The minister said he was pained at the inordinate delay in completing construction work for a new NHAI office building.

Addressing an event of industry lobby ASSOCHAM on “Advanced Digital Technology & Policy for Infrastructure with special focus on Tunnel Engineering” on Saturday, Gadkari said a few days back he had pulled up NHAI officials while inaugurating the new NHAI building as its construction took eight years while it should have been done in two years.

“I was deeply hurt due to the inordinate delay. There are good people in NHAI, my ministry and NHIDCL including the NHAI chairman, secretary in the ministry and managing director of NHIDCL. There are hundreds of good engineers. My unhappiness was against only a few people,” he said.

The minister said while the NHAI was accelerating to complete the Rs 1 lakh crore Delhi-Mumbai Expressway project in three years, it was a bad show to complete such a small building project in eight years.

The minister’s comment had left several NHAI officials disheartened. “There was a lot of misconception as the minister’s speech went viral on social media. The highway construction has increased in recent years, which is the main parameter to assess performance. NHAI is not a building construction agency. Ideally, this project should have been assigned to a agency which is into construction of buildings,” said a senior NHAI official.

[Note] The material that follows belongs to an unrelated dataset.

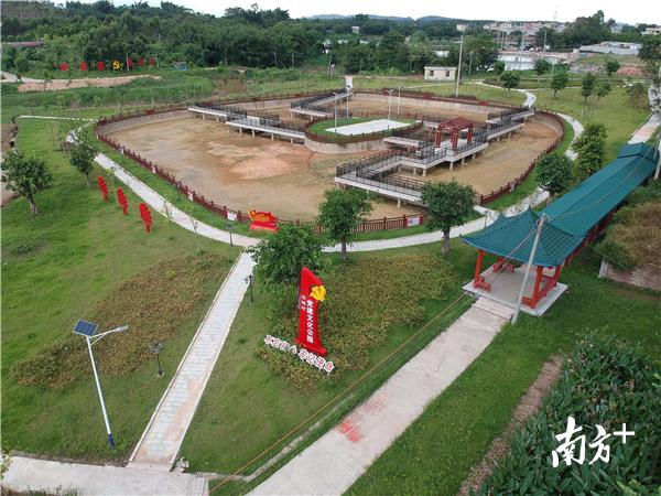 党建公园里的池塘里没有水。之前种植下的荷花,已经在淤泥上露出了几片叶子。“最近暴雨多,前一阵池塘的水都溢出来了。”当地村民说,为了避免突如其来的暴雨,池塘的水放掉了。

NHAI had recorded highest ever highway construction in 2019-20 at 3,979 km and the highways ministry as a whole had recorded maximum ever highway construction at 10,855 in 2018-19. Last year, it reduced marginally to 10,237 km.

During his address at the ASSOCHAM event, Gadkari said private contractors, after getting works, should not adopt tactics to “delay works, escalate costs and then go for arbitration to extract more money” from the government. He urged them to bag more work and earn profit by completing the projects in time.